黄光荣更自信了,“我知道一个隐藏极深的敌特头目,只要我们合作将其拔除,你就能...”
话说一半,黄光荣自信的表情凝固在了脸上。
他不受控制地垂下头,却只看到顺着脖颈缓缓往下流的鲜血...
电光火石间。
他终于清楚阿真的真实身份,可再也没有呼救的机会。
不断涌出的鲜血堵住了他的喉咙,带走了他的生机。
无望抬头时,看到阿真无声地说出两个字。
——废物。
黄光荣咽了气。
死不瞑目。
饭店。
阮铮几人已经吃上了烤鸭。
但吃着烤鸭也堵不住沈今帆的嘴,他认为阮铮说吓人的话是在逗人,于是问,“嫂子,你拒绝在京北任职,是不是担心自己走得太高把季昂甩到身后,季昂会不高兴啊?”
说完觉得自己可能真相了,又开始劝,“你放心吧,我昂哥就不是那种人,而且那天他说了!说...”
说啥来着,他有点忘了。
他挠了挠头,哎呀一声道,“具体啥我忘了,但大概意思就是嫌爱人爬太高的人都是废物,我昂哥能说出这样的话,绝对不会在意你走到什么位置上。”
毕竟没人愿意承认自己是废物嘛。
阮铮知道季昂三观正,但听了这话,还是忍不住扭头看他,并揶揄,“你还说过这种话呢?”

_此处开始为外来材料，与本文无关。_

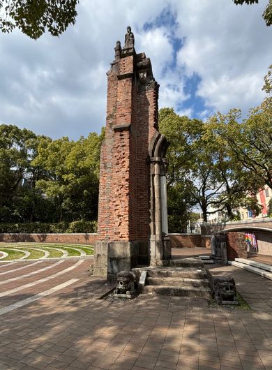 対面の丘に見える浦上天主堂 レンガ造りが美しい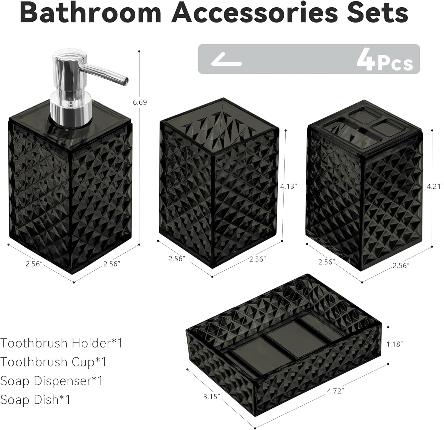 4 PCS Bathroom Accessory Set: Includes 1 x soap dispenser, 1 x toothbrush holder, 1 x soap dish and 1 x mouthwash cup. Our modern bathroom accessories set keeps the bathroom organized and has a minimalist design that perfectly complements your bathroom decoration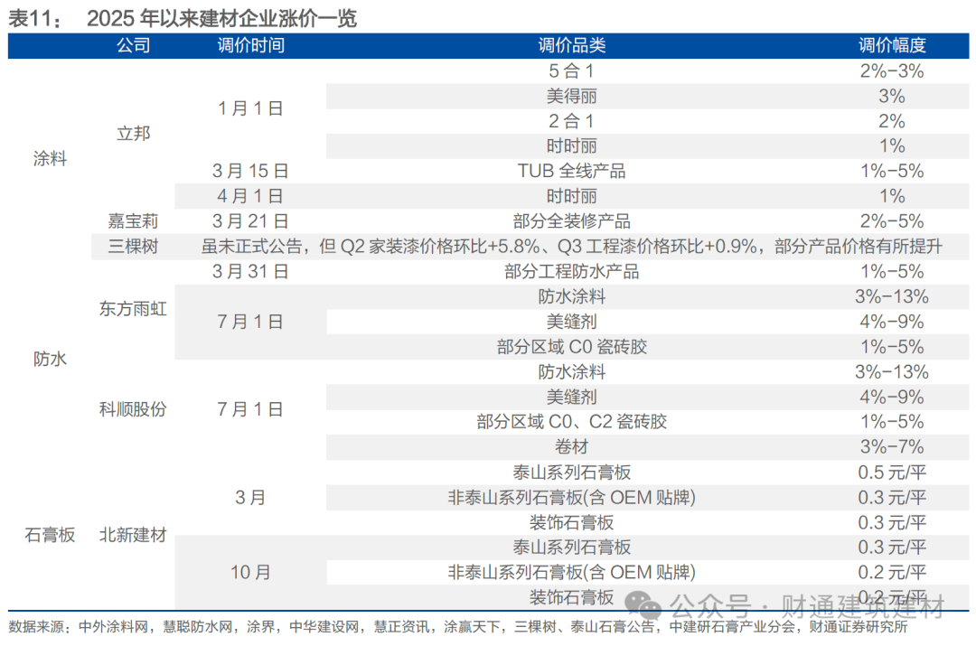 2)从价格回归价值,价格战趋缓:2025年以来,涂料、防水、石膏板等建材子板块存在一定程度上的复价或提价,一方面系经过2024年末价格战,龙头企业发现降价对提量的效果在边际递减,主动提出避免无效内卷的想法;另一方面系扰乱价格体系的小企业出清显著。我们认为,本次建材提价不仅是建材龙头企业盈利边际改善的起点,也显示出当前行业触底回升的迹象,困境反转或已不远。

季昂迎上她的目光,三分疑惑,七分坦诚,“这不是大实话吗?有什么不能说的?”
阮铮点头,快速卷了烤鸭塞季昂嘴里,“没什么不能说的,但我听着高兴,奖励你一口我亲手包的烤鸭。”
季昂笑笑,觉得嘴里的烤鸭无比美味。
比任何时候吃得都美味。
沈今帆就不同了。
感觉今天的烤鸭味道怪怪的,而且没吃几口就有点饱了。
是给他们上了隔夜的已经坏掉的鸭吗?
不应该啊。
特意挑的老字号,店里的烤鸭每天都不够卖,不至于放坏了。
那是为啥?
自个儿肠胃不舒坦?
沈今帆揉了揉肚子,觉得可能就是后者了。
请人吃饭呢,突然说肠胃不好需要去趟医院,难免扫兴,他便没提,只是继续方才的话题,“既然昂哥没有不乐意,那嫂子为啥拒绝啊,我实在想不明白。”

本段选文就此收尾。